East of the summit, a plateau known as the Alpine Gardens extends south from Chandler Ridge at about 5,200 feet (1,600 m) elevation. It is notable for plant species either endemic to alpine meadows in the White Mountains or outliers of larger populations in arctic regions far to the north. Alpine Gardens drops off precipitously into two prominent glacial cirques. Craggy Huntington Ravine offers rock and ice climbing in an alpine setting. More rounded Tuckerman Ravine is New England's premier venue for spring back-country skiing as late as June and then a scenic hiking route.
South of the summit lies a second and larger alpine plateau, Bigelow Lawn, at 5,000 feet (1,500 m) to 5,500 feet (1,700 m) elevation. Satellite summit Boott Spur and then the Montalban Ridge including Mount Isolation and Mount Davis extend south from it, while the higher Southern Presidentials—Mounts Monroe, Franklin, Eisenhower, Pierce, Jackson and Webster—extend southwest to Crawford Notch. Oakes Gulf separates the two high ridges.
The mountain is part of a popular hiking area, with the Appalachian Trail crossing the summit and one of the Appalachian Mountain Club's eight mountain huts, the Lakes of the Clouds Hut, located on one of the mountain's shoulders. Winter recreation includes Tuckerman Ravine, famous for its Memorial Day skiing and its 45-degree slopes. The ravine is notorious for its avalanches, of which about 100 are recorded every year, and which have killed six people since 1849.[17] Scores of hikers have died on the mountain in all seasons, due to inadequate equipment, failing to plan for the wide variety of conditions which can occur above tree line, and poor decisions once the weather began to turn dangerous.[18]

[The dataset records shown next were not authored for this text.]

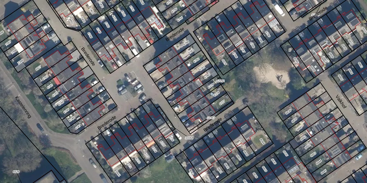 Brederode 140 is gelegen op kadastraal perceel VEU00B6780. Deze kadastrale aanduiding is uniek en wordt gebruikt door het Kadaster om eigendomsrechten en andere zakelijke rechten vast te leggen. Het perceel maakt onderdeel uit van de kadastrale gemeente Veur.
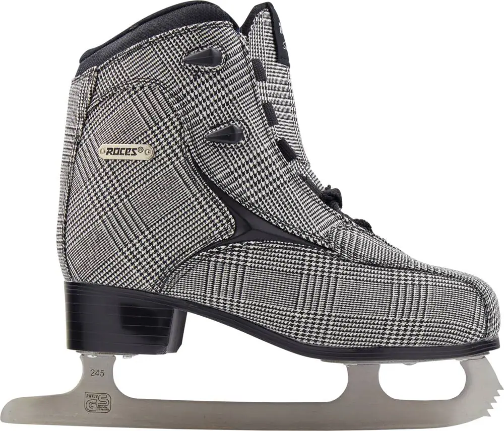 De Brits kunstschaats heeft een versterkte synthetische bovenkant gemonteerd op een anatomisch gevormd voetbed. De vetersluiting is snel en precies, zodat je elke keer een persoonlijke pasvorm krijgt. Ze hebben een coole grijze look met een geruit patroon.
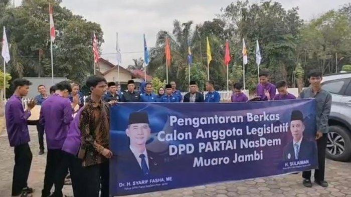 Puluhan Bakal Calon Legislatif (Bacaleg) dari Partai Nasional Demokrat Kabupaten Muaro Jambi mendatangi kantor KPU Kabupaten Muaro Jambi.
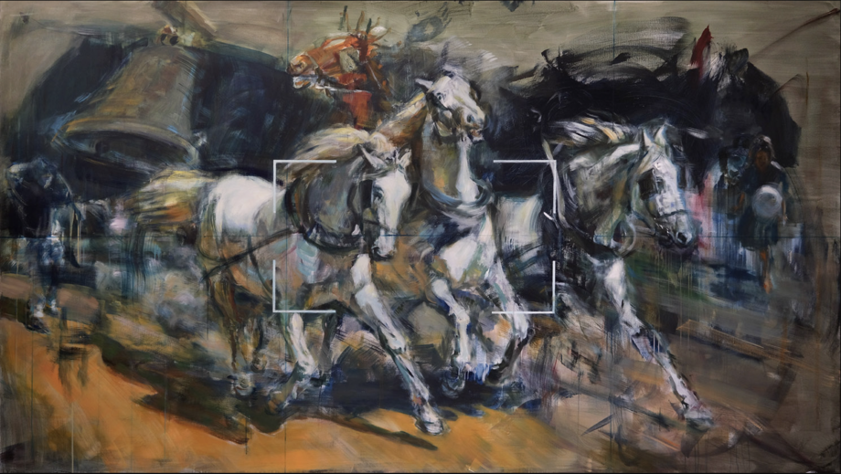 Ali Baba Orangs Kalligraphien vielleicht in einem feuchten Keller in Kabul, vielleicht gebrandschatzt und zerstört: Ein Druck der 180x320cm messenden, mit Acryl bemalten Leinwand „Die Pferde“ von einem meiner besten Freunde hängt jetzt hier in der Küche. Als Walter Padao das Bild in der Pandemie 2020/21 hier in seinem Atelier malte, da sinnierten wir öfters gemeinsam davor. Die große Glocke links hinten, die ausbrechenden drei weißen Pferde vorne: „For whom the Bell Tolls“ – „Wem die Stunde schlägt“ von Hemingway war meine erste komplette (Schul-) Englischlektüre seinerzeit gewesen. Der rote Pferdekopf dahinter, die Scheuklappen, der schwarze Hintergrund, grauer Rand, verstaubter Horizont im Einerlei des aufgewirbelten Drecks, Vergangenheit, Gegenwart, Galopp und Ausbruch in welche Zukunft auch immer, Bedrohungen und Verheißungen: es gibt fundamentale Unterschiede in Walters und meinen Denkweisen. Freundschaft und Demokratie müssen das aushalten. Letztlich markiert das scharfkantige Sucherrechteck in der Bildmitte nur einen möglichen Fokus.
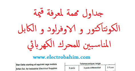 جداول مهمة لمعرفة قيمة الكونتاكتور و الاوفرلود و الكابل المناسبين للمحرك الكهربائي
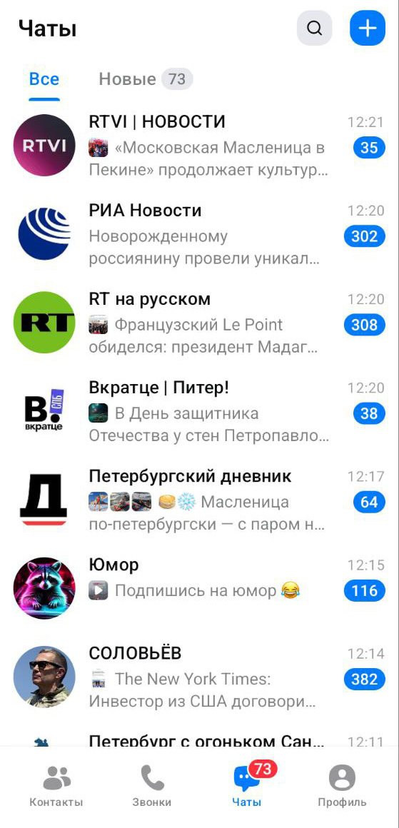К 19 февраля 2026 года из 172 тысяч публичных каналов в мессенджере почти 2,3 тысячи упоминают в названии или описании профиля Петербург — то есть всего около 1,3 %, посчитала «Бумага» на основе данных сервиса Maxstat, агрегирующего статистику мессенджера.
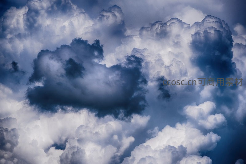 厚重的积雨云层在深蓝色天幕下翻滚,光影交错间展现出大自然磅礴而神秘的力量。
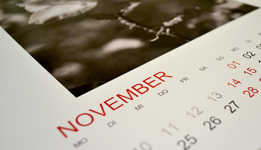Wählen Sie Ihren Wunsch-Monat, und Ihr Kalender fängt z.B. am 01.05. an und endet mit dem 30.04. des Folgejahres.
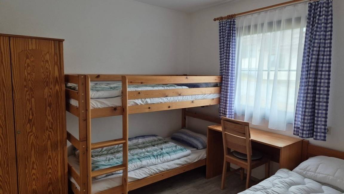 Schlafmöglichkeiten: 1 Schlafzimmer mit Doppelbett, 1 Schlafzimmer mit 1 Einzelbett und Stockbett
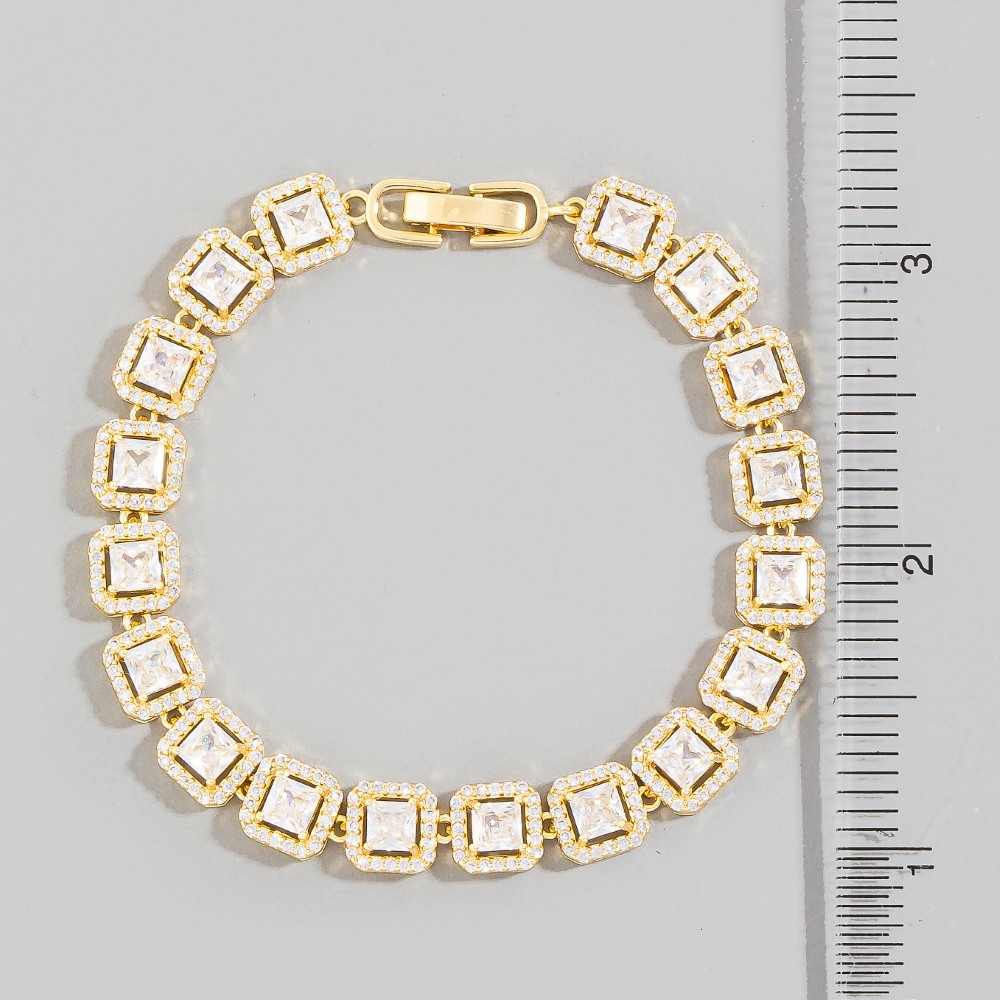 • A stunning piece that is sure to turn heads, this bracelet radiates a sleek square cubic zirconia chain link design. This item is a great way to add some texture and dimension to any outfit. Available in G, S. This item is sold in packs of 12.
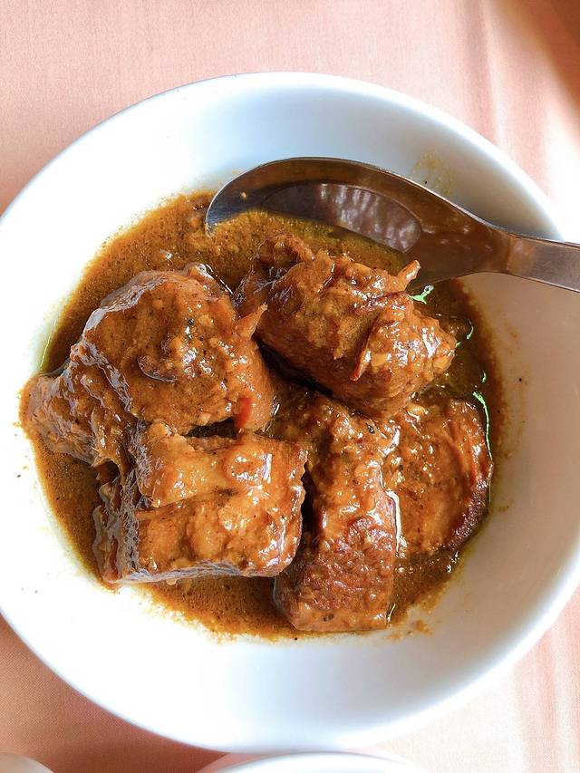 必点的菜谱就是“moo hong”每桌都点了这道菜,它是普吉岛的特色菜,就是中华香草汁腌制五花肉,味道香甜真美味。
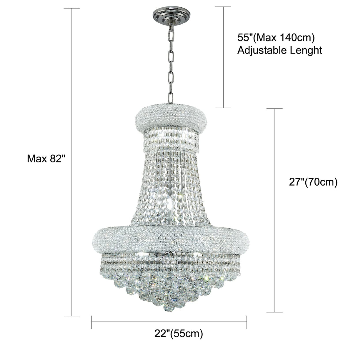 Chandiry 12 Lights Chrome Finish Empire Crystal Chandelier Lighting For Dining Room Living Room Foyer Hallway Bedroom Entryway (Dia 22'')
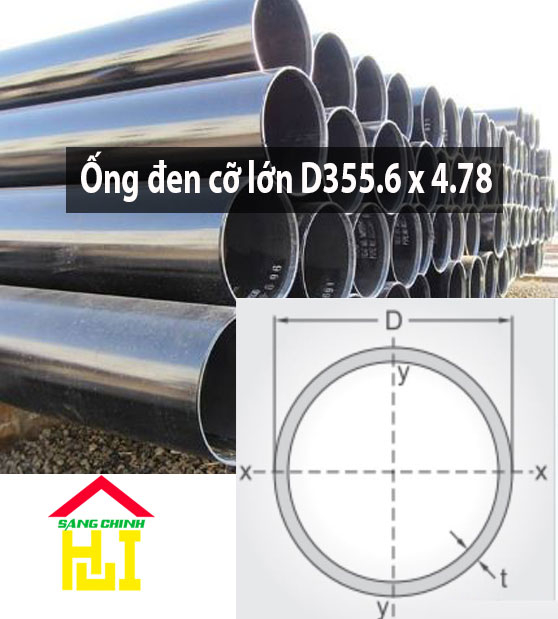 Là loại ống thép đen cỡ lớn có đường kính 355.6mm, độ dày 4.78mm, dùng trong kết cấu thép, cơ khí và công nghiệp.

The weather at Mount Washington has made it a popular site for glider flying. In 2005, it was recognized as the 14th National Landmark of Soaring.[19]

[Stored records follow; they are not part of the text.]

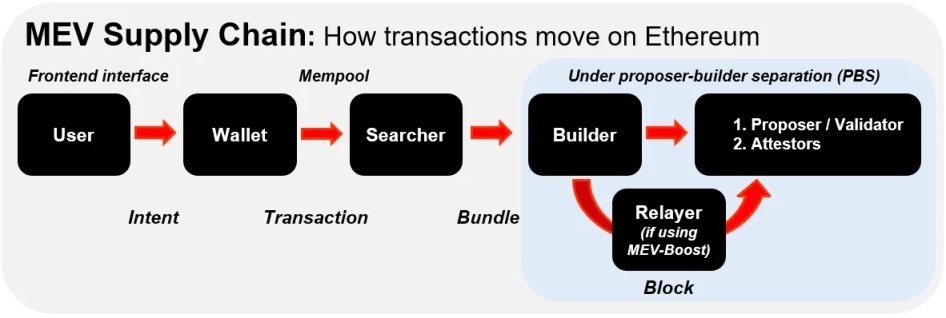 在 PBS 下,区块构建者相互竞争,以创建来自搜索者的聚合有序交易列表。这些交易包进行了优化,以最大限度地提高建设者自己的 MEV 费用,然后将其传递给区块提议者。提议者根据自己的最高费用选择交易来创建区块并将其发送到网络主链上。
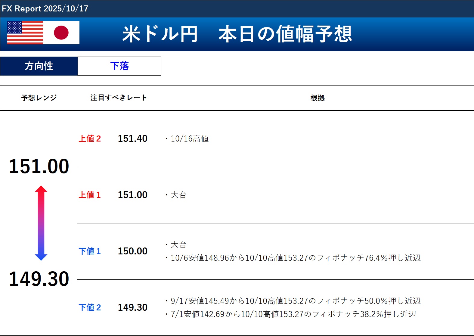 以上のことから、本日のドル円の方向性と予想レンジは以下の通りです。
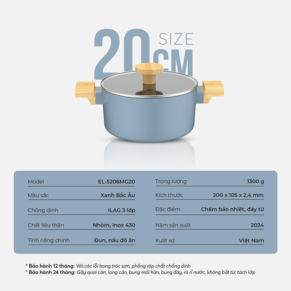 Thông số kỹ thuật Nồi chống dính vân gỗ Elmich Nature EL-5206MG
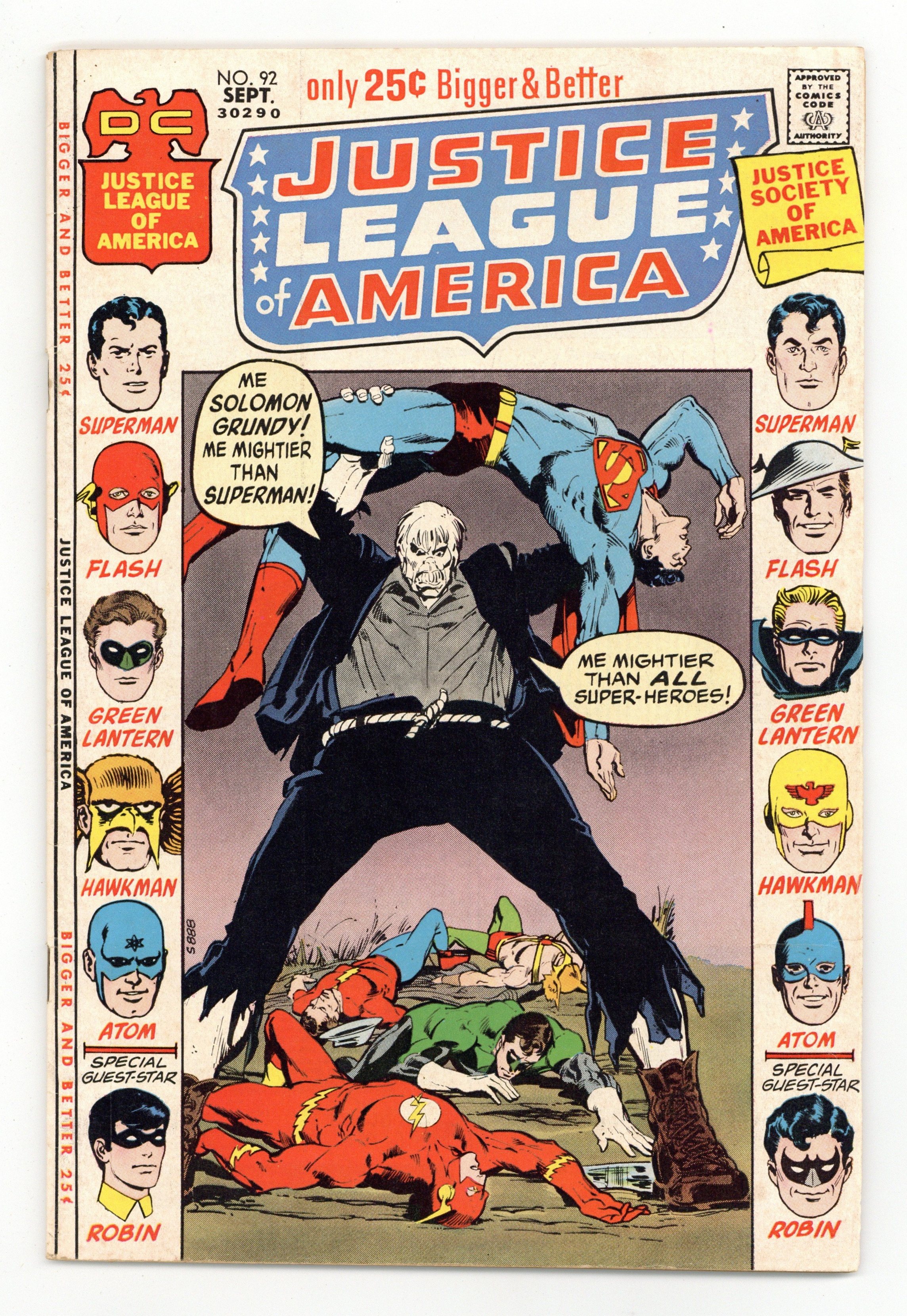 Cover pencils by Neal Adams, inks by Dick Giordano. Solomon Grundy.. The One and Only, script by Mike Friedrich, pencils by Dick Dillin, inks by Joe Giella; As A-Rym meets up with Solomon Grundy on Earth-2, the JLA meets up with the JSA to try and stop A-Rym's rampage; The Earth-2 Hawkman sends both Robins to the batcave to stay out of the way; While there, the Earth-2 Robin gives his Earth-1 doppelganger a new costume to replace his damaged one; Both teams learn that if A-Rym and Teppy aren't reunited soon, they'll both die, and both teams scramble to reunite them, which succeeds. As A-Rym and Teppy return to the other 2 aliens, the aliens' parents scold them for joyriding; Both teams then leave on their separate ways, as Batman awaits for the League to return to aid him on his case as the Earth-1 Robin wonders if he should continue to wear his new costume; Annual JLA-JSA team-up conclusion; story dedicated to Jerry Bails and Roy Thomas. The One-Man Justice League! starring the Flash, script by Gardner Fox, pencils by Carmine Infantino, inks by Joe Giella. Space-Enemy Number One!, script by John Broome, art by Carmine Infantino. 52 pgs. $0.25. Cover price $0.25.
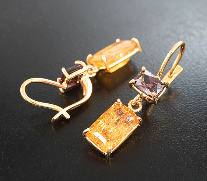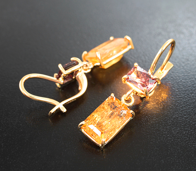 Серьги с империал топазами 8,92 карата и гранатами 2,73 карата
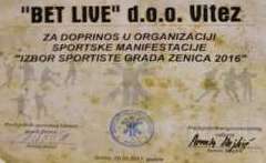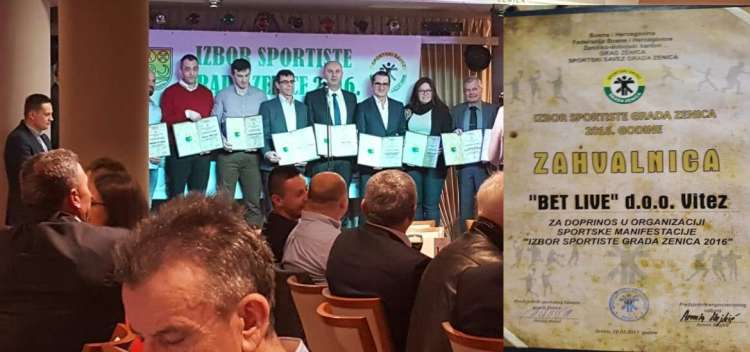 Savjetnik Gradonačelnika dodjelio nagradu za pomoć sportu kladionici – i pored povećanja taksi, sportu manje novca u 2017. – Sportske kladionice ‘Bet Live’ jedan su od laureata u dodjeli tokom Izbora sportiste grada Zenica, tradicionalnoj manifestaciji u našem gradu. Nagrada je dodjeljena u kategoriji Društveno odgovornih kompanija, odnosno onih koji su pomogli zenički sport i sportiste kao i ovu manifestaciju kojom je podvučena linija za sportsku 2016. godinu.

The most popular hiking trail approach to the summit is via the 4.2-mile (6.8 km) Tuckerman Ravine Trail. It starts at the Pinkham Notch camp area and gains 4,280 feet (1,300 m), leading straight up the bowl of Tuckerman Ravine via a series of steep rock steps which afford spectacular views of the ravine and across the notch to Wildcat Mountain. Fatalities have occurred on the trail, both from ski accidents and hypothermia. Water bottles may be refilled at the base of the bowl 2.1 miles (3.4 km) up the trail at a well pump near a small hiker's store which offers snacks, toilets and shelter. At the summit is a center with a museum, gift shop, observation area, and cafeteria. Descent can be made by shuttle bus back to the Pinkham Notch camp for a fee. Other routes up the mountain include the Ammonoosuc Ravine Trail and the Jewell Trail.
Since 1869, the Mount Washington Cog Railway has provided tourists with a train journey to the summit of Mount Washington. It uses a Marsh rack system and was the first successful rack railway in the US.
Every year in June, the mountain is host to the Mount Washington Road Race, an event which attracts hundreds of runners. In July the mountain is the site of Newton's Revenge and in August the Mount Washington Auto Road Bicycle Hillclimb, both of which are bicycle races that run the same route as the road race. The hillclimb's most notable victor to date has been former Tour de France contender Tyler Hamilton.
Another event, although not a race, is the annual MINIs On Top event. The drive to the summit began with 73 MINI Cooper and Cooper S vehicles and now exceeds 200 cars. MINIs On Top (or MOT) is held the Saturday of Father's Day weekend every June. The Mt. Washington Auto Road has also hosted the Mt. Washington Alternative Energy Days, a two-day gathering of alternative energy alternative vehicles.
On August 7, 1932, Raymond E. Welch, Sr., became the first one-legged man to climb Mount Washington. An official race was held and open only to one-legged people. Mr. Welch climbed the "Jacob's Ladder" route and descended via the carriage road. Raymond Welch had lost his leg due to a sledding injury as a seven year old child. This climb was recognized by the Boston Globe, Manchester Union, and Plymouth Record newspapers. At the time of his climb, Mr. Welch was the station agent for the Boston & Maine Railroad in Northumberland, New Hampshire.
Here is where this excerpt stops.